In the face of increased economic competition from other nations, the first rumblings about the need for education reform are being heard among the chattering classes on American cable TV.
But simple questions oft require complicated answers. Everything from bruises to visas enter in the problem set and the corresponding solution set.
In the 1950s, management guru Douglas MacGregor came up with his theory X and theory Y, first in a paper of that title and later in his book "The Human Side of Enterprise." The old industrial engineering and punishment/reward approach was contrasted with making jobs more varied and more interesting with the workers having some say in the nature of their work activity.
Those of us who were charged with instituting the new theory Y ended up grumbling that "theory X works." Similarly, the rigid discipline and regimentation of education as practiced in the 1950s and earlier was replaced with a more friendly approach. Education theories grew like dandelions in the field.
The "whole language" approach to teaching reading was the most notorious aberration. Dedicated reading teachers hid their old style texts and materials like a persecuted minority religion.
Whole language fell into disrepute, but many of the other elements of touchy feely education persist to this day. And the bureaucratic overhead dumped on the teachers continues to expand. Does a child have a small bruise? Contact the parents and make sure that it was incurred in rough and tumble play.
Don't play dodge ball at recess, that teaches aggressiveness. Don't give a weeping kindergarteners a comforting hug. That might be interpreted as sexual harassment.

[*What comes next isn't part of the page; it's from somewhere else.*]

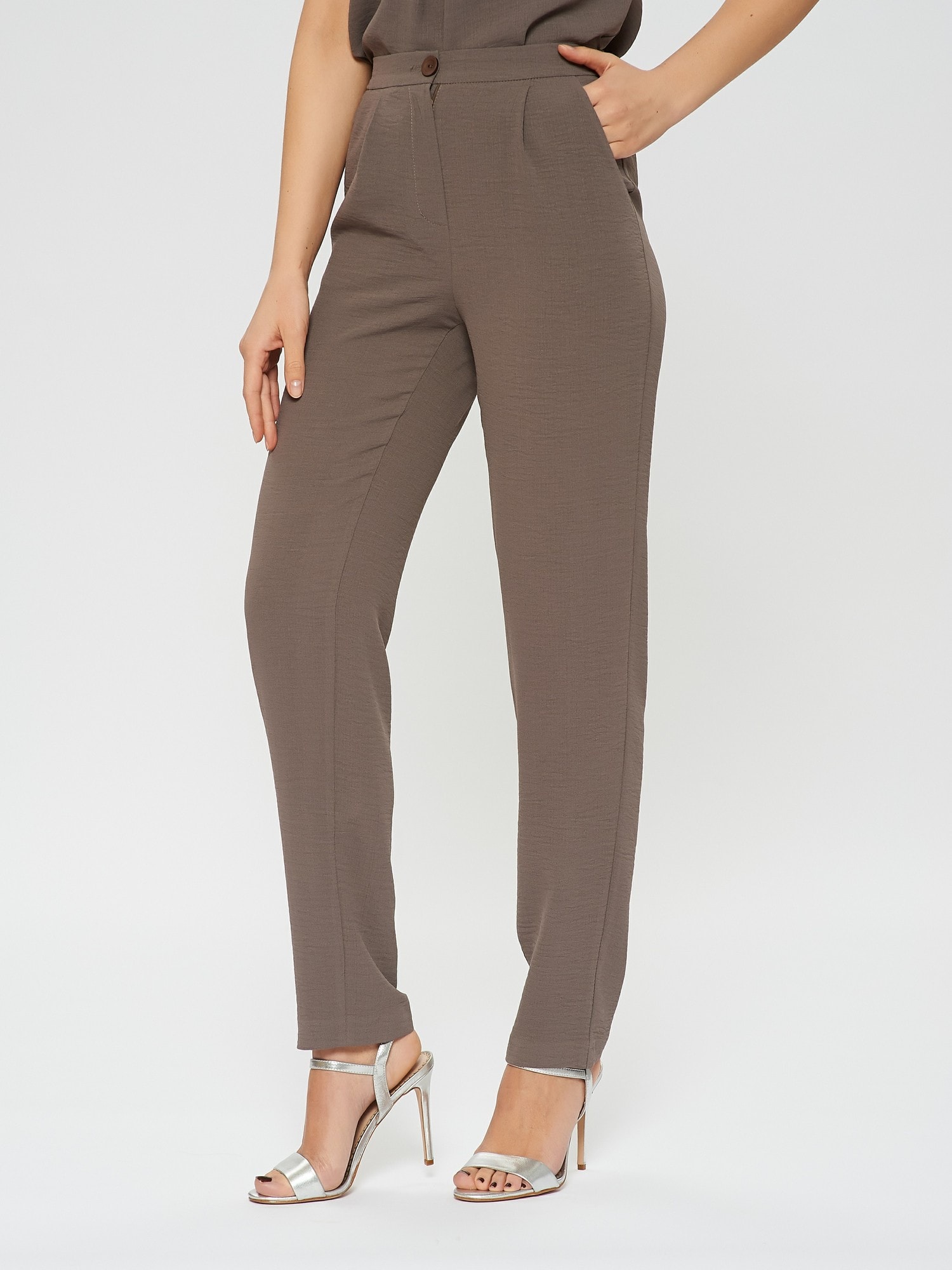 Кофейные брюки с небольшими защипами. Карманы в боковых швах. Составьте полный образ с блузкой Д-905 ТРЮ(В20). Нейтральный цвет брюк позволяет комбинировать их с чем угодно.
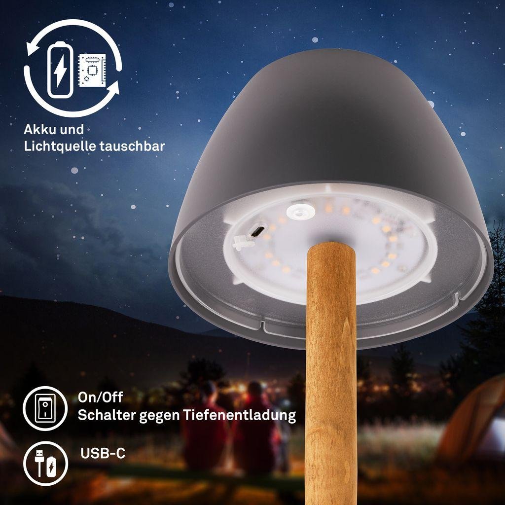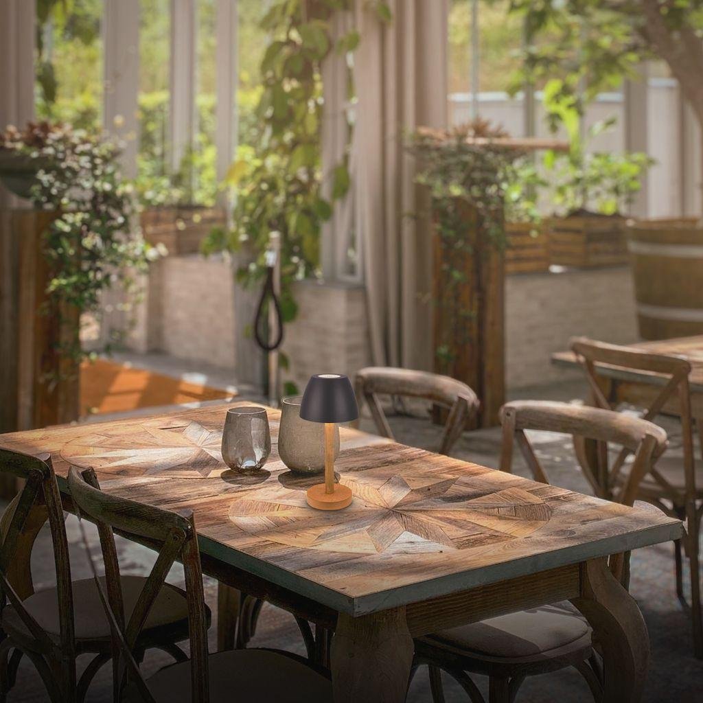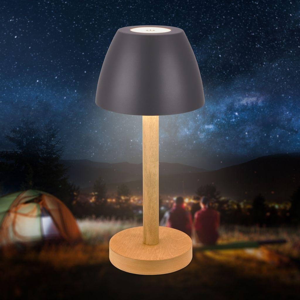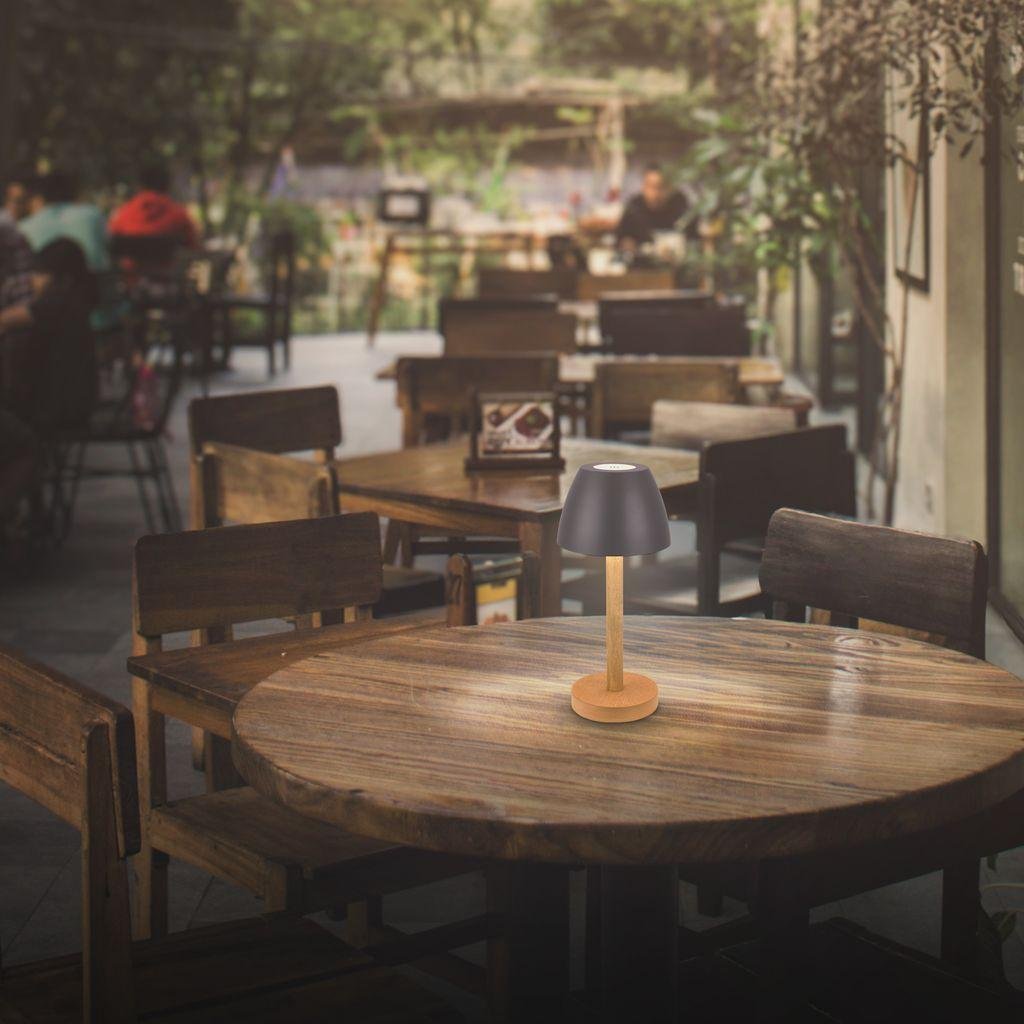 BRILONER Serina Wood stolní lampa - 2,5W, 200lm, bezdrátová, LED, dotykový vypínač, IP44, stmívatelná, antracit/dřevo 7661015

But the teachers themselves are, as a body, guilty of many of the problems. When I went to school the teachers were there every day. There weren't any wasteful in service days. Yet my aunt managed to simultaneously teach a grade and be principal of an elementary school in Ohio that had astronaut Neil Armstrong as one of her pupils. He didn't turn out so bad.
At the secondary level both the high schools and the catalogs are too big. The principal of the school should be able to know every child by name and by educability. And the course selection is ridiculous.
Flower arrangement and weight lifting are not academic subjects. At the college level, my descendants have had the opportunity to study horseback riding and fly fishing. There should be no room for such frippery.
For many professional career paths, the required courses make no sense. Does a speech therapist need college level mathematics? Of what use to a physical therapist is a required course in botany? We are not educating well rounded upper-class gentle-people any more. And degree inflation is rampant. In the physical therapy field a doctorate is now required. Nurse practitioners may soon be required to graduate with a doctorate.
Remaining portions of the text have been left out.